The American legal system is uniquely well designed to benefit lawyers, which is why they want to keep it as it is. We have the “American rule,” where each side pays its own legal costs regardless of outcome. Almost everywhere else the loser pays, so only strong cases are initiated. Punitive damages—in effect a civil fine, but one paid to the plaintiff (and his lawyers) instead of the public treasury—are rare elsewhere. So are contingency fees. All of this, of course, is great for the legal profession and goes a long way toward explaining why this country has more lawyers—and more lawsuits—than any other.

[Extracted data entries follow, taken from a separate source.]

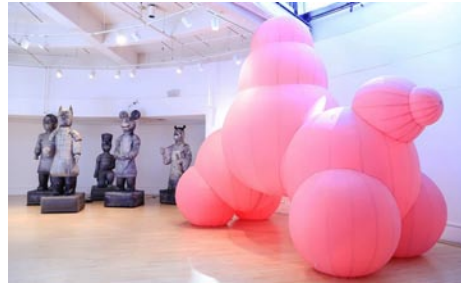
(Left), Lizabeth Rossof, "5 XI'AN AMERICAN WARRIORS", 2019, nylon fabric, dimensions vary. (Right), Sharon Engelstein, "Seeker", 2012, nylon fabric, forced air, 14 x 9.4 x 18.6 feet.

defy consumerism, along with the methods and myths it perpetuates about womanhood and femininity. The exhibition consists of 12 life-sized, freestanding sculptures made from everyday feminine materials arranged in a maze-like exhibition space. The layout of the exhibition creates alcoves, enabling individual observation and interaction with each sculpture. For further information call the Center at 864/735-3948 or visit ( www.artcentergreenville.org ).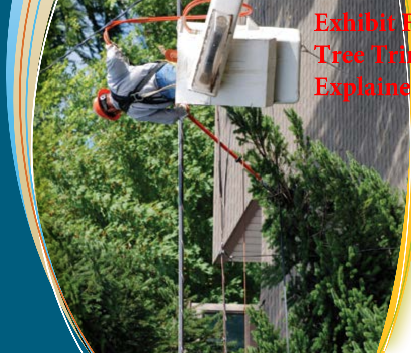
Exhibit F - NV Energy Tree Trimming Explained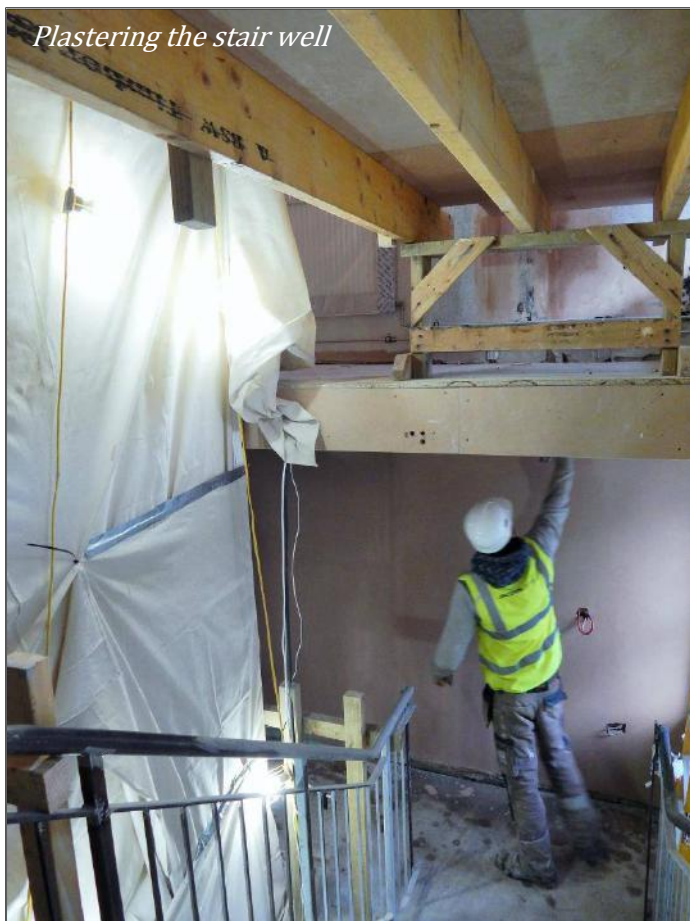
Plastering the stair well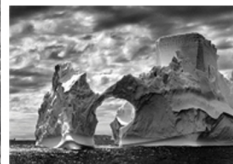
Iceberg Between Paulet Islands and Shetland Islar Antarctica, 2005.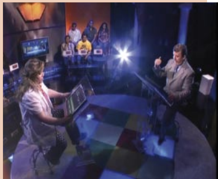
Above: 'The Answer Is In The Book' gameshow

"Would you like to win a new laptop computer, or mobile phone?" Those are two of the prizes in a new SAT-7 game show for adults called, "The Answer is in the Book." In this new show, contestants will be quizzed on their knowledge of God's Word, with the opportunity to win nice prizes. The program's producers believe it will not only stimulate viewers to learn more about the Bible but will also be a lot of fun as viewers experience the stress the contestants feel as they try to think of the right answers. "The Answer is in the Book" is currently in production and, when it airs sometime later in the year, producers believe it will attract many new viewers to the channel.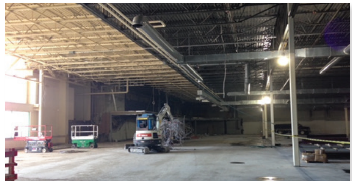
Redevelopment of vacant "big box" and warehouse properties nationwide.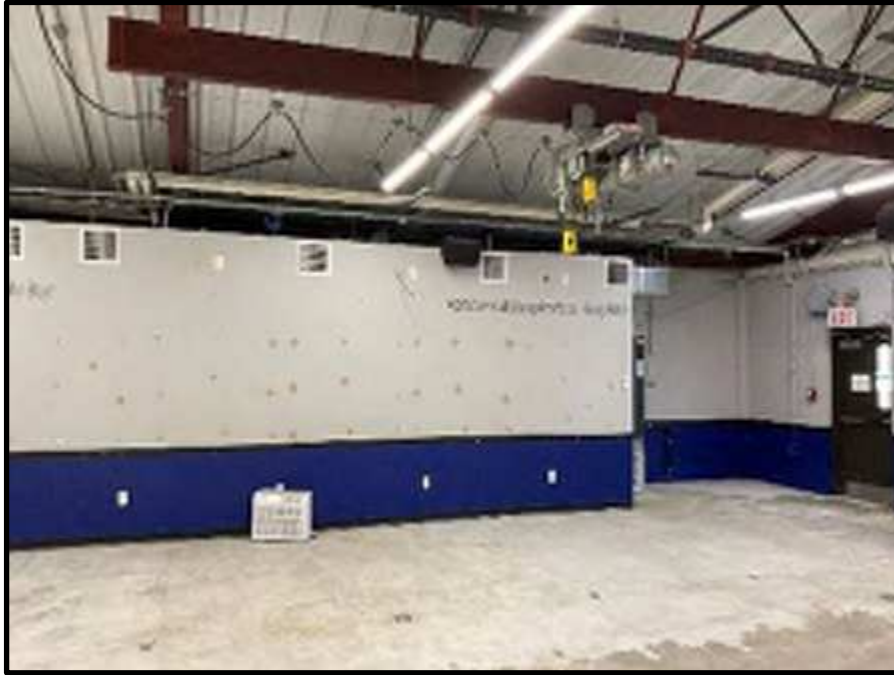
49 - B202 Tank Bay Screen Wall to be Removed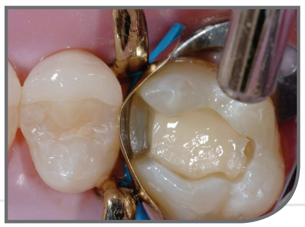
The solvent (ethanol) is evaporated with a stream of air across the cavity preparation.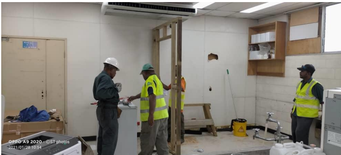
Photo 5: Construction on partition for new PCR laboratory at Angau.

----- For more information about this Situation Report, contact: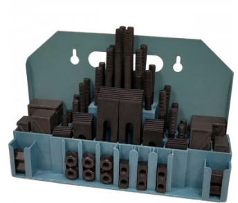
C0965 Clamp Kit 58 piece - Workshop Series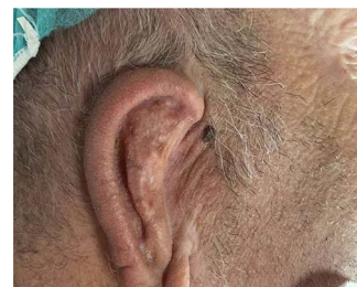
Figure 1. Preoperative image with the atretic temporal bone.

A 56-year old male was presented in the Outpatient Department of Otolaryngology Clinic with main complaint of complete aural atresia of the right ear. The clinical examination revealed that there was no external auditory canal in the right ear (Fig. 1) and hearing loss was altered (Fig. 2). There was no symptomatology in the left ear and the anatomic structures were completely normal. Blood test was normal, and there were no other medical issues from the personal history. The computed tomography (CT) scan and mainly the magnetic resonance imaging (MRI) of the temporal bone revealed no mastoid air cells and no external auditory canal and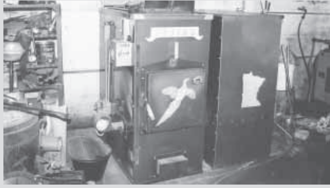
Erickson's stove and corn hoppers are housed in look-a-like cabinets that stand 24 in. wide by 38 in. deep and 48 in. high.

"You can tie into existing duct work in a house or just blow the heat into the air in a shop like mine," says Erickson. "The fellow who bought the boiler put it in the basement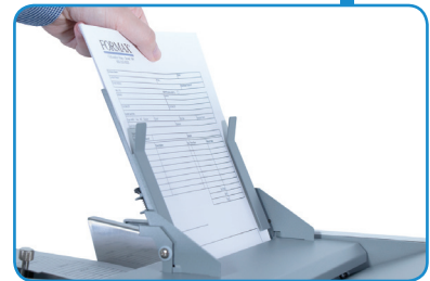
Optional Multi-Sheet Feeder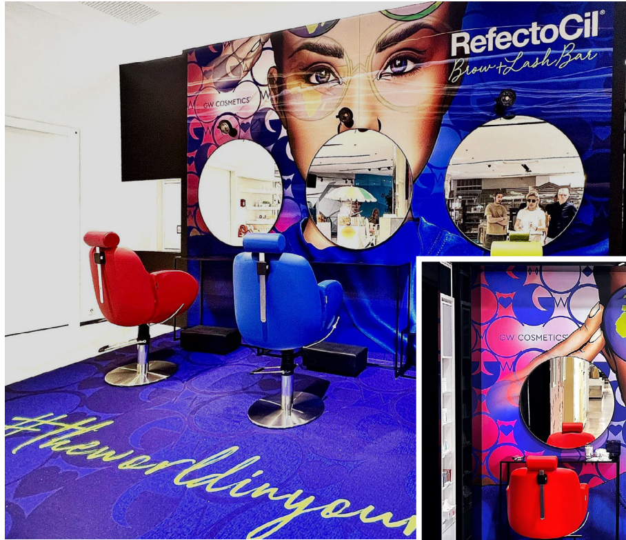
STEFFL DEPARTMENT STORE VIENNA

But the lawyers have a problem in promoting the status quo. It is one of the peculiarities of democracy, it seems, that one cannot straightforwardly admit self-interest when seeking to influence legislation. Instead, self-interest, however obvious, must always be cloaked in the mantle of the public good, however specious. My personal favorite example of this took place in 1970, when cable television first was coming to New York City. Owners of the city’s movie theaters, horrified by the threat of having to compete with cable, went on a one-day strike and each theater emblazoned its marquee with the slogan “Save Free TV.”
One of the trial lawyers’ main arguments for the status quo, therefore, is that the vast number of lawsuits from which they profit perform a vital public service, forcing doctors, manufacturers, and others to be more careful than they otherwise might. They argue that many malpractice suits make for less malpractice, that product liability suits produce safer products. Private lawsuits, the lawyers maintain, police the public marketplace by going after bad guys, so the government doesn’t have to.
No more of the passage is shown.